A obra, que resulta de pesquisas realizadas pela autora para o Conselho Nacional de Desenvolvimento Científico e Tecnológico (CNPq), elege o ambientalismo como um dos marcos do pensamento crítico contemporâneo. “Penso que o movimento trouxe novas possibilidades para refletirmos nossos valores e conceitos em relação à vida, além de ter polemizado algumas questões propostas pela modernidade, como a tentativa de domesticação do sujeito, a valorização da razão e a fé no progresso”, afirma. Na entrevista que segue, Heloísa Bruhns fornece mais detalhes dos temas que aborda no livro.

Jornal da Unicamp - O livro é resultado de pesquisas que a senhora vem desenvolvendo há algum tempo, não é?

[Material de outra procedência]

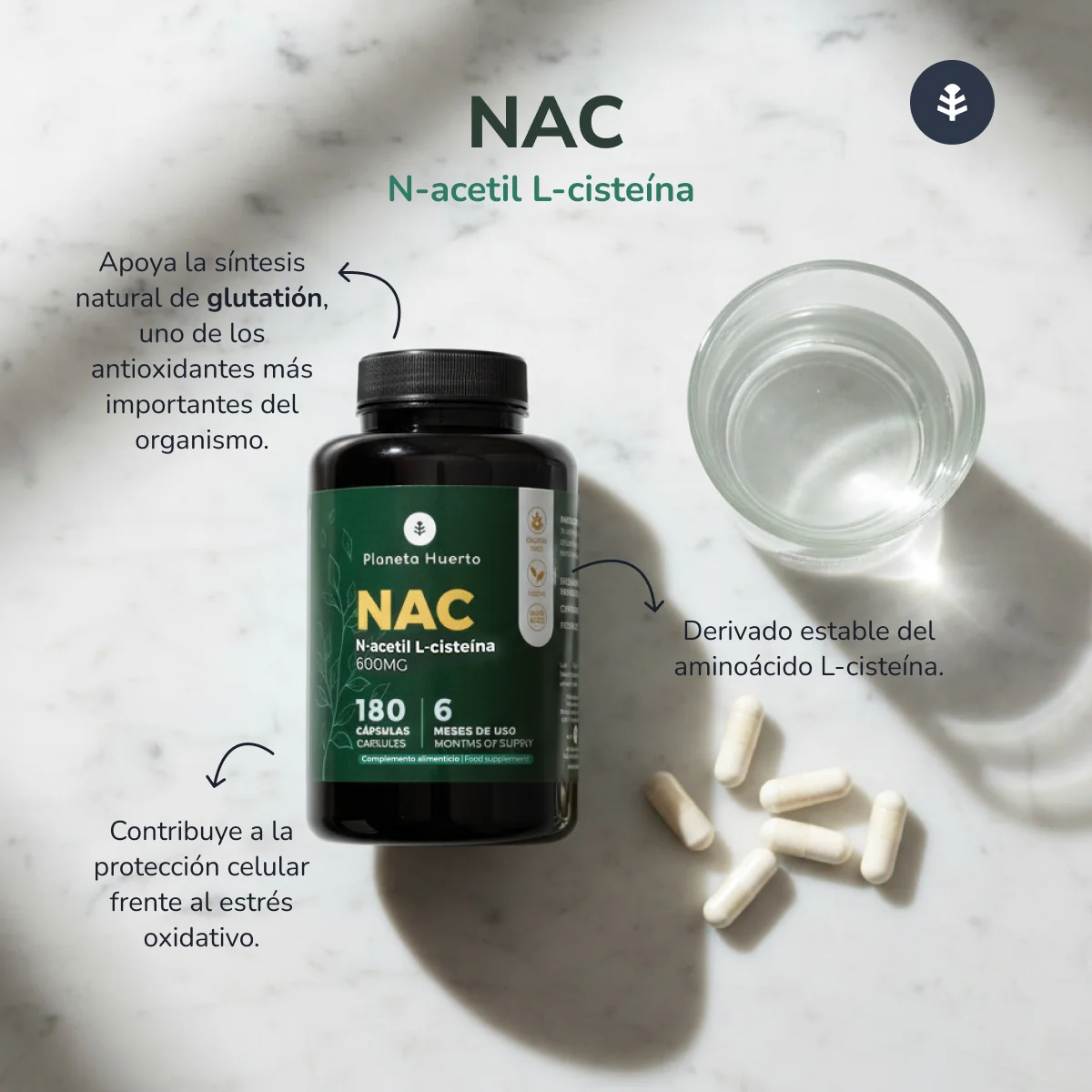 El NAC (N-acetil L-cisteína) de Planeta Huerto es un complemento alimenticio de alta calidad diseñado para apoyar los procesos naturales de detoxificación del organismo y favorecer el equilibrio antioxidante. Cada cápsula aporta 600 mg de NAC, una forma estable y altamente biodisponible de la L-cisteína, precursora esencial del glutatión, uno de los antioxidantes más importantes del cuerpo.

Heloísa Bruhns - O livro teve como base três pesquisas que eu desenvolvi para o CNPq, todas elas relacionadas com meio ambiente, lazer e natureza. Outra participação importante nessa trajetória foi minha atuação, desde 1994, junto ao grupo de pesquisa “Turismo e meio ambiente” do Nepam [Núcleo de Estudos e Pesquisas Ambientais, da Unicamp]. Essa participação culminou com a organização de eventos e na publicação de livros, cuja alavanca foi “Viagens à natureza”, que está na 8ª edição. Parto do pressuposto de que o ambientalismo enquanto movimento crítico-social - em negar suas contradições e incoerências, bem como correntes às vezes conflituosas - influenciou a busca atual pela natureza, a qual recebeu conotações diferenciadas ao longo de seu percurso histórico em diferentes contextos. Podemos pensar essas questões engatilhadas a partir da década de 1960, nos movimentos contraculturais, constituindo e desembocando em crises deflagradas no âmbito das instituições - família, ensino, igreja dentre outras. Surge aí uma noção de ambientalismo na qual está embutida não apenas a preservação, de maneira isolada e estanque, mas integrando uma infinidade de conteúdos.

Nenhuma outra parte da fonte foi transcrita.